So a few years back I read a really good book -- Asquith by Roy Jenkins. It's a biography of the British Prime Minister who basically killed the Liberal Party of England. Whether is was Asquith's failures or those around him is an interesting argument for another time, but after reading it in 2005 and watching the manifold failures of the Liberal Party of Canada since then, I've been struck by the odd similarities between the fate of the parties. Asquith and the early 20th-century Liberals of England found themselves with a collapsing electoral coalition as the growing labour movement stripped them of votes in places like Scotland on the one hand, and Asquith's attempt to placate Irish Nationalism drove people to the Tories on the other end. One of Asquith's last acts was to hold the balance of power in a Liberal-Labour coalition, the first time Labour held the Prime Minister's office. The paralells aren't exact, but you can find them if you look. Something that seems really relevant is the way Asquith and the Liberals lurched from one crisis/scandal to another, until eventually the party split between Lloyd George and Asquith. The party never, ever recovered and Labour became the new alternative to the Conservatives.
Now, there's no global war for the Liberals to bollocks up, and the point isn't that Dion is a new Asquith -- if nothing else, Asquith won several majorities in his own right before the disappointing end of his career. The point is that the Liberals need to find some way to vault a lot of structural problems that are currently conspiring to weaken them. And this crisis really started over a symptom of the Liberal decline: the issue of public funding wouldn't matter if the Liberals had a large motivated base of donors. (The same is of course true for the other two opposition parties.) And that's just the beginning of the Liberals' organizational problems, but critics within the party are better suited than I to talk about that.
Some of the problems the Liberals face actually are probably the fault of mediocre leaders such as Martin and Dion.

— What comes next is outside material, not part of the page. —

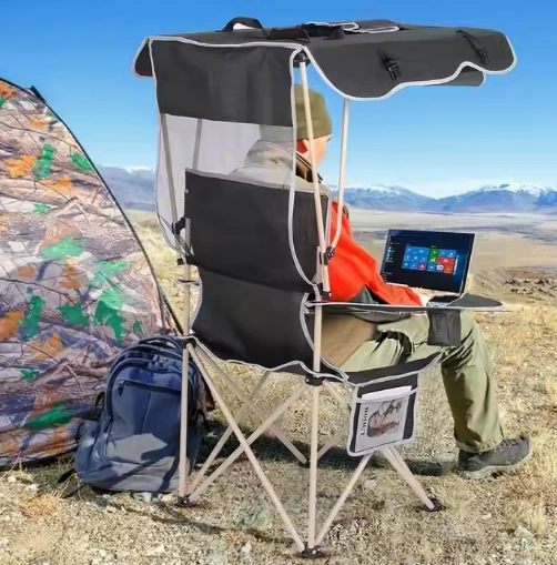 Udhëtoni karrige të palosshme për piknik, duke ofruar rehati të jashtëzakonshme për relaksimin tuaj në natyrë; Ajo përmban një xhep anësor për ruajtjen e telefonit tuaj celular, rrezet e diellit dhe disa sende të vogla
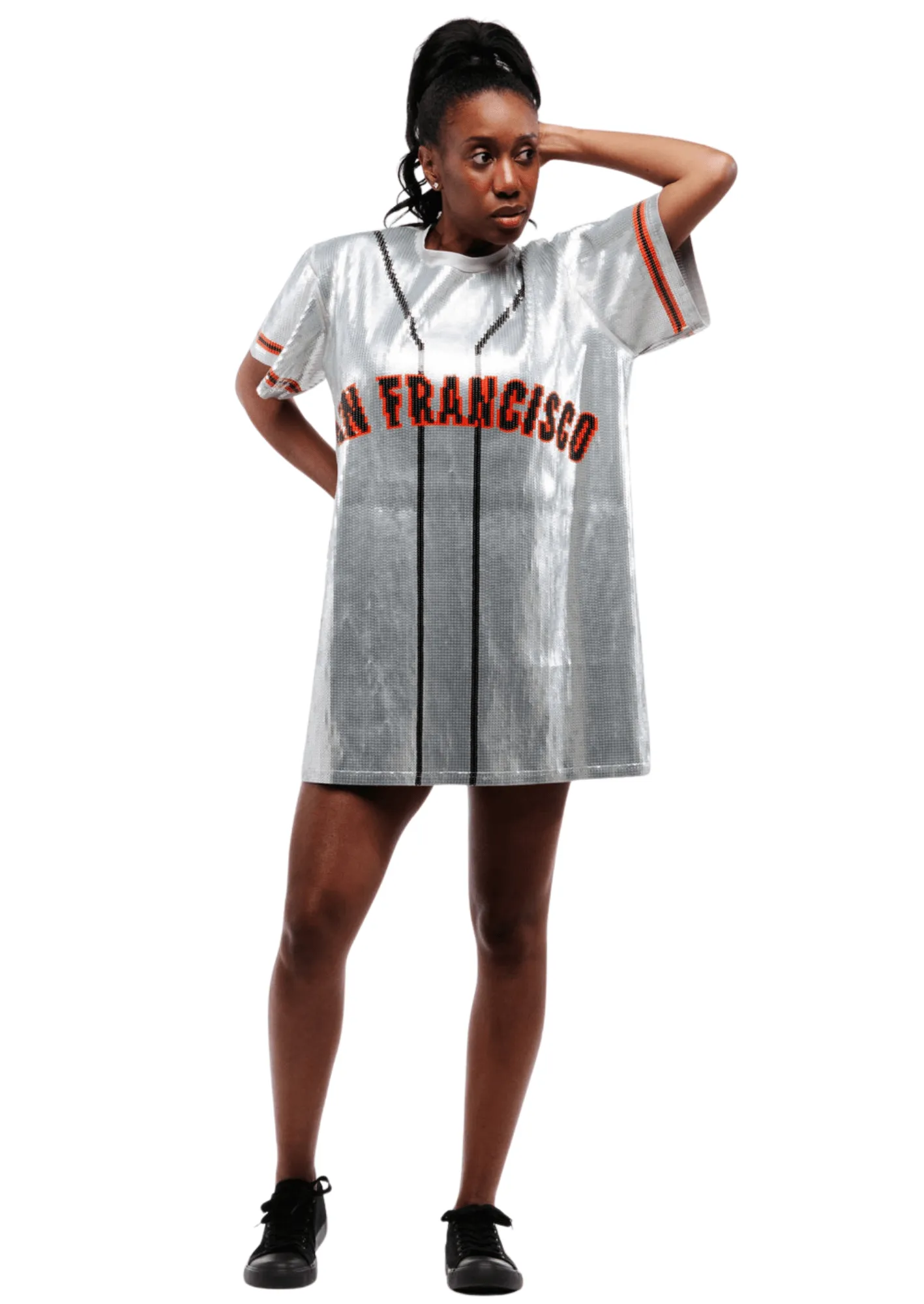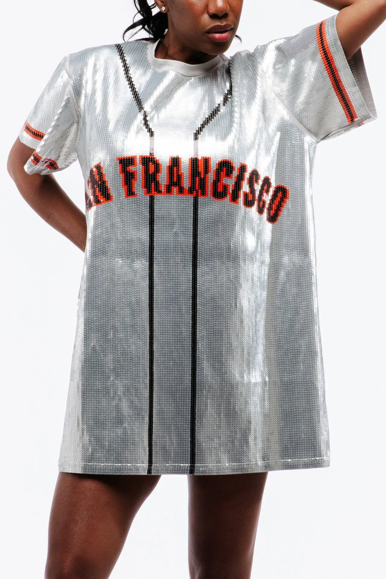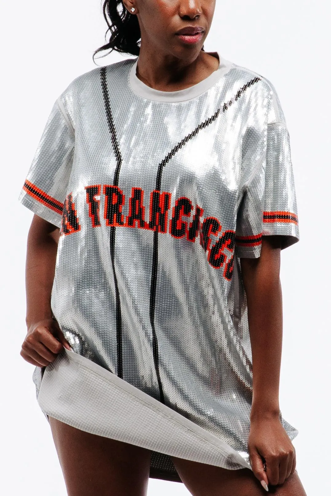 Designed by the Sequin Fans brand, this stunning San Francisco Baseball Sequin Jersey Dress beautifully showcases your love for the San Francisco baseball team. Step into the stadium or into any game day party with confidence and style with this sports glam baseball jersey dress, perfect for parties that go from day to night.

But the current crop consists of two guys who lost to Dion and one guy who nobody thinks will win. Or to put it another way, a party that is serious about solving its problems produces a better crop of leaders than this.
It's not the whole of the affair, but consider that much of the success of the Democratic Party has come since leaders like Gephart, Daschle, and (yes) both Clintons have been eclipsed. If the Liberal Party thinks it can succeed without really disposing with the past and going with someone new, someone who actually inspires the party to change, then I think they're going to stay screwed.